Provided material Block Start

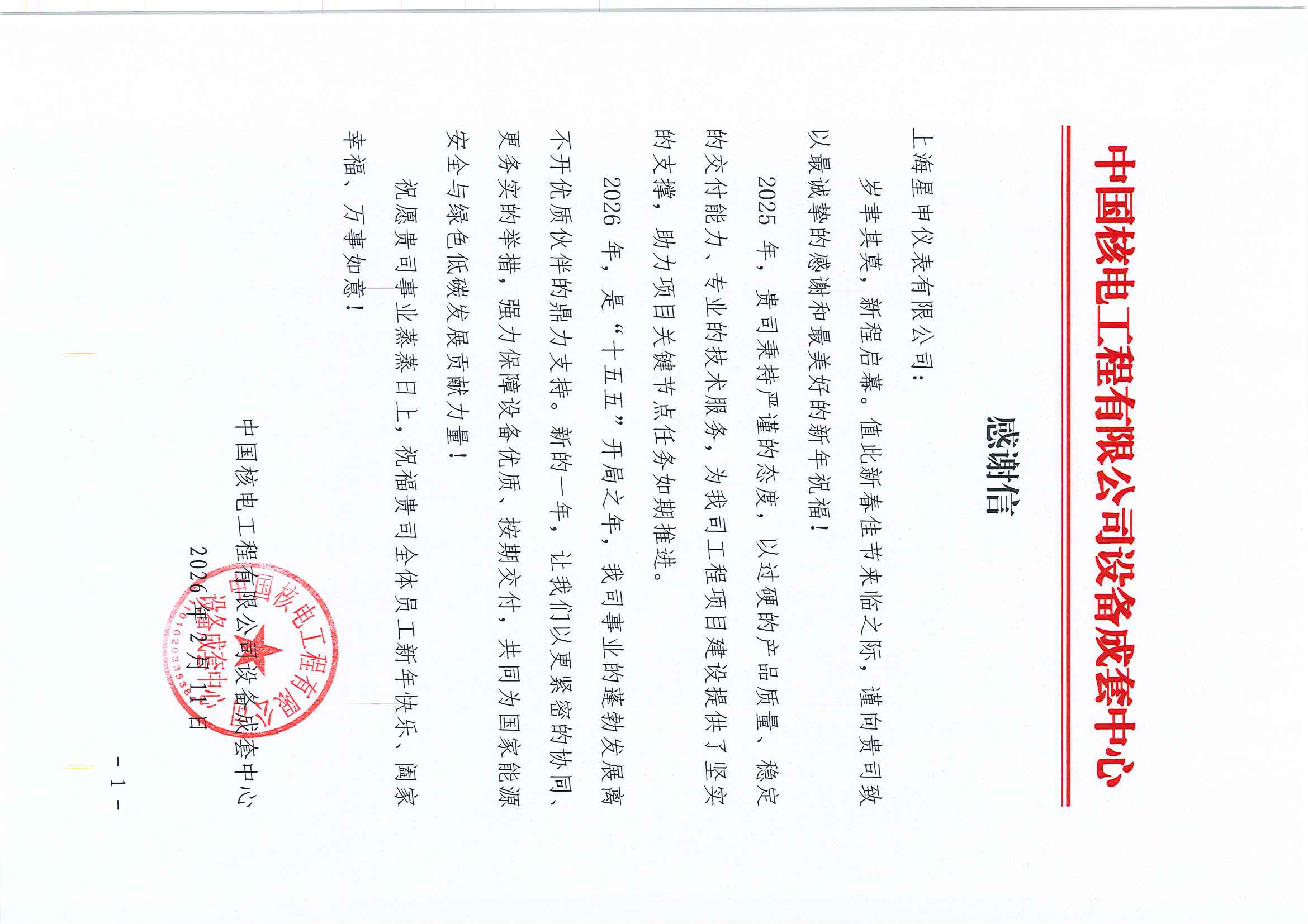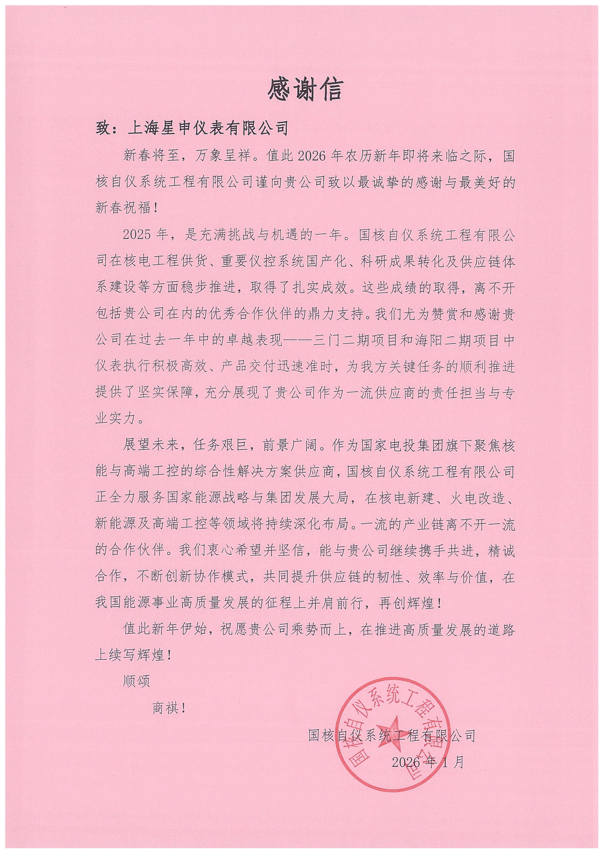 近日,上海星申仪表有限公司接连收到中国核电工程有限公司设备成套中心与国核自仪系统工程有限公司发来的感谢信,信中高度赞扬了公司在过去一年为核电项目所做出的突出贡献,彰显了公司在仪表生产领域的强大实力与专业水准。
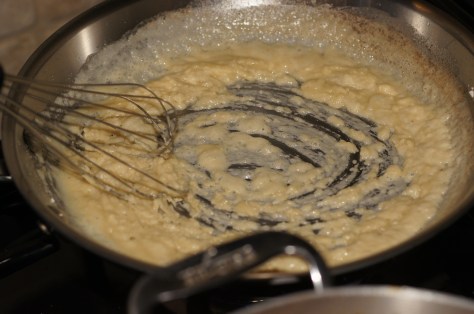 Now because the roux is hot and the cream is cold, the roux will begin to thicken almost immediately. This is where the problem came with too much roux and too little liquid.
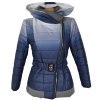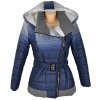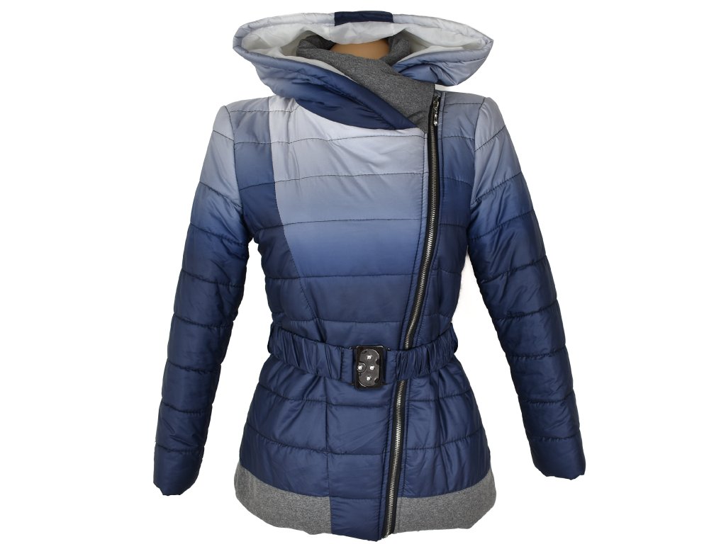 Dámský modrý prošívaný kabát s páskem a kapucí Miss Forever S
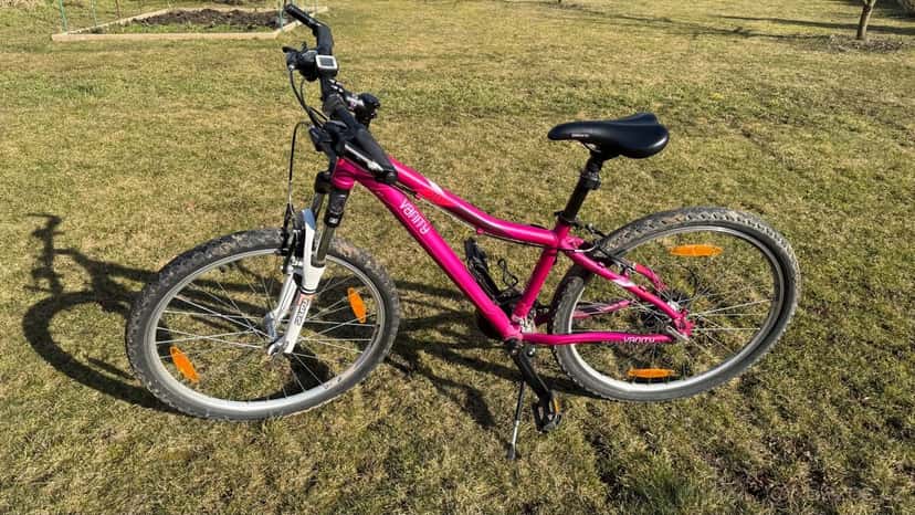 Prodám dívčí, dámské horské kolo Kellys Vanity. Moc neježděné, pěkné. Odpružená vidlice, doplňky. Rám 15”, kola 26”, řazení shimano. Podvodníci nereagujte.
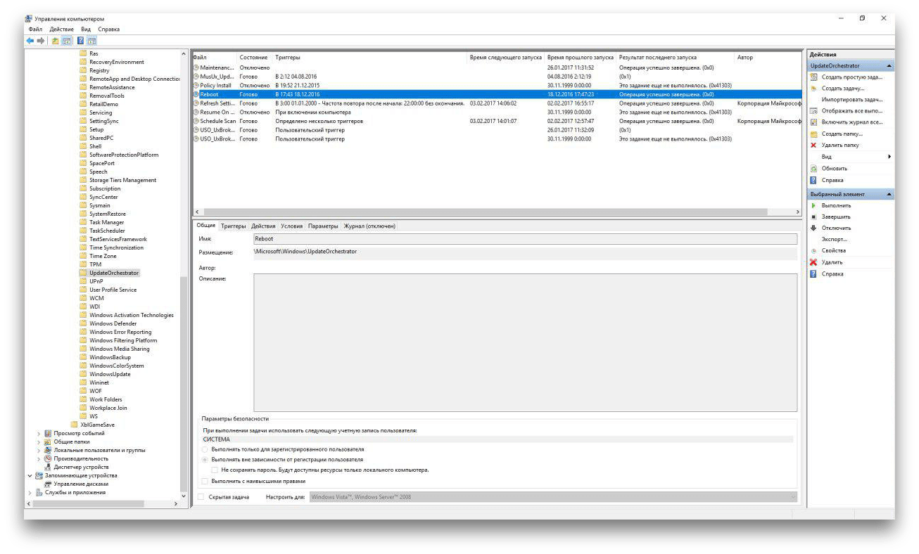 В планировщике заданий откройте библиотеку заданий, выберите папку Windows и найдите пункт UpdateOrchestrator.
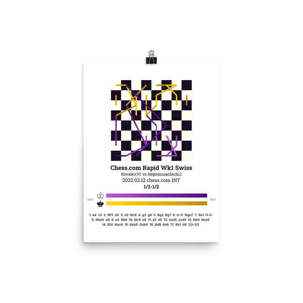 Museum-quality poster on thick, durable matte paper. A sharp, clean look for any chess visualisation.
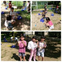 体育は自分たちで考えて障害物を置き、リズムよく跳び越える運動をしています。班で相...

Provided material Block End
Provided material Block Start

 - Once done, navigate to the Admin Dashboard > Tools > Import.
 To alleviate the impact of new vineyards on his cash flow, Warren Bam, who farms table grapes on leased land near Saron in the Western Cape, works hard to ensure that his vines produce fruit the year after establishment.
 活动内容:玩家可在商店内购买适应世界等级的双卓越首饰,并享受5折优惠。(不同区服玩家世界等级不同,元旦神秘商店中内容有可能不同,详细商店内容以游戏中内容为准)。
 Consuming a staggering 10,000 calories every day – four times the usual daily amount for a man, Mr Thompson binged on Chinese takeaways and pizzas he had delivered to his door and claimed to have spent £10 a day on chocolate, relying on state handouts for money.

Provided material Block End

*Try it*: Reproduce the data above exactly, but only from the line containing "Dámský modrý prošívaný" through the line containing "体育は自分たちで考えて障害物"; skip the pictures.

*Task answer*:
 Dámský modrý prošívaný kabát s páskem a kapucí Miss Forever S
 Prodám dívčí, dámské horské kolo Kellys Vanity. Moc neježděné, pěkné. Odpružená vidlice, doplňky. Rám 15”, kola 26”, řazení shimano. Podvodníci nereagujte.
 В планировщике заданий откройте библиотеку заданий, выберите папку Windows и найдите пункт UpdateOrchestrator.
 Museum-quality poster on thick, durable matte paper. A sharp, clean look for any chess visualisation.
 体育は自分たちで考えて障害物を置き、リズムよく跳び越える運動をしています。班で相...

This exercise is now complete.